Here’s the trick to remember: A tuple can have not just two values, but also more or less than 2 values. A tuple is just an ordered list of things. Curly braces surround the list, and the values inside are separated by commas.

Valid tuples:
* {1}
* {1,2}
* {1,2,3}
* {1,2,3,4}

Et cetera. Well, you probably want to use a map after that, instead, but it’s your program. Do what you want.

When you have a two element tuple, it’s not a key and a value. It’s just two values.

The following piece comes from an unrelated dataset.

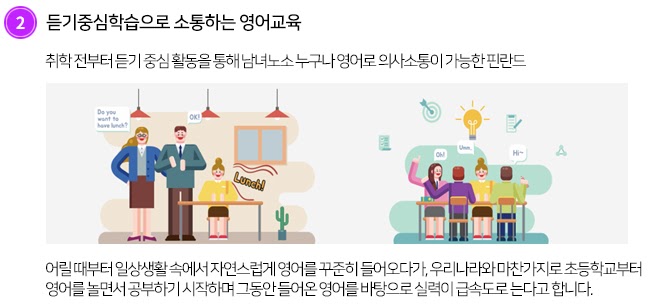 한국은 수업시간에만 영어로 진행하며 특히 교수가 주로 영어로 말하고 학생들은 주로 듣는 입장이지만 핀란드는 교수와 학생들이 토론방식으로 영어수업이 이뤄집니다.
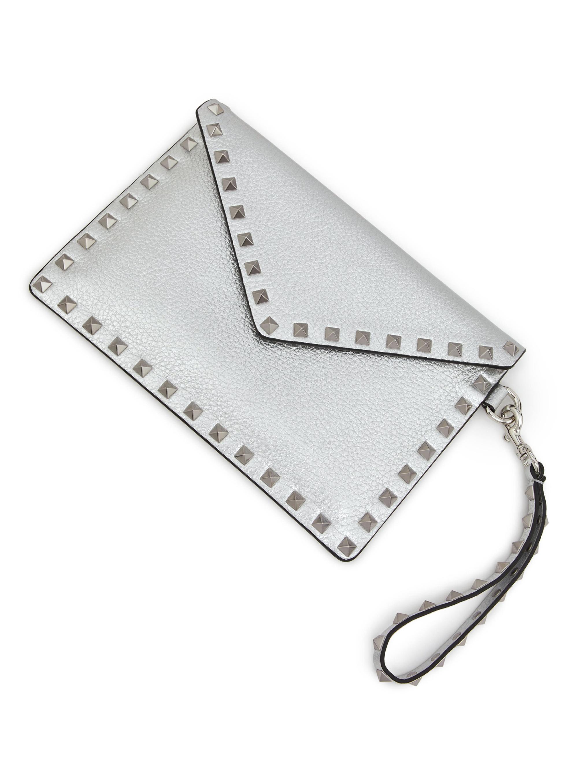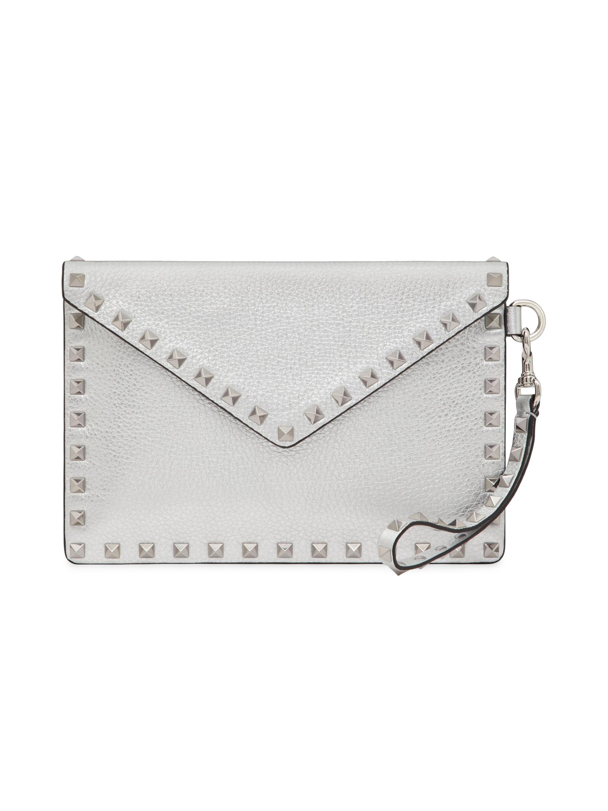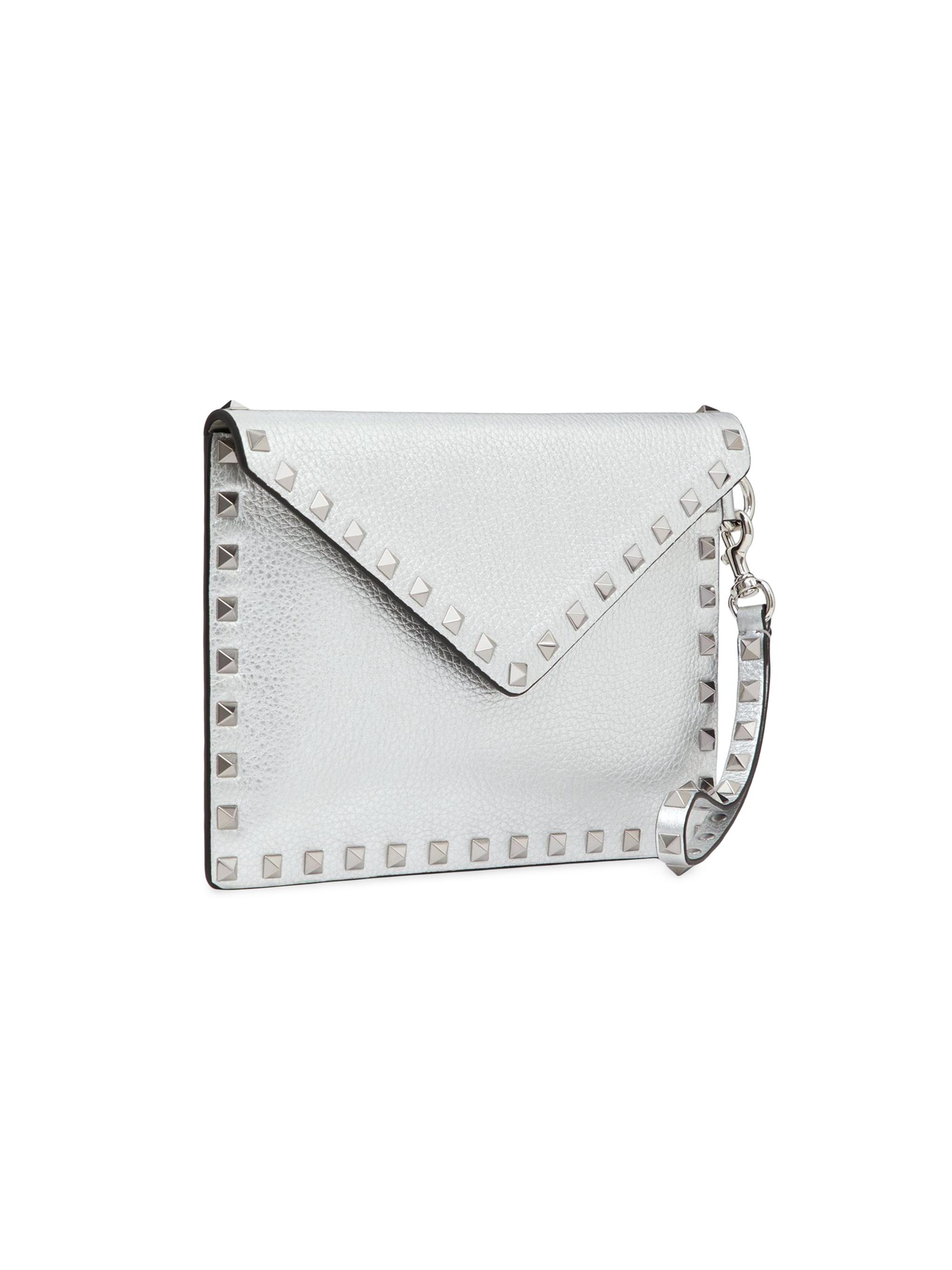 Valentino Garavani Rockstud Metallic Grainy Calfskin Clutch Bag

I had forgotten that in a list with keywords, the curly braces can be dropped.


iex> t1 = [a: 1, b: 2]
[a: 1, b: 2]

iex> List.first(t1)
{:a, 1}

See? That’s a list with two tuples. Each is kinda sorta key and value, but not really. It’s position 0 and position 1 in a two element tuple. [a: 1, b: 2] is the same thing as [{:a, 1}, {:b, 1}]. It just looks a lot cleaner, so long as you remember that little trick. I’m a little out of practice using it, I guess.

In List.keyfind, the position parameter refers to which value you’re looking at in each tuple, the zeroth or the first, in these cases. For what I think of as the key, I’d always use 0. For what is traditionally the value, it’s a 1.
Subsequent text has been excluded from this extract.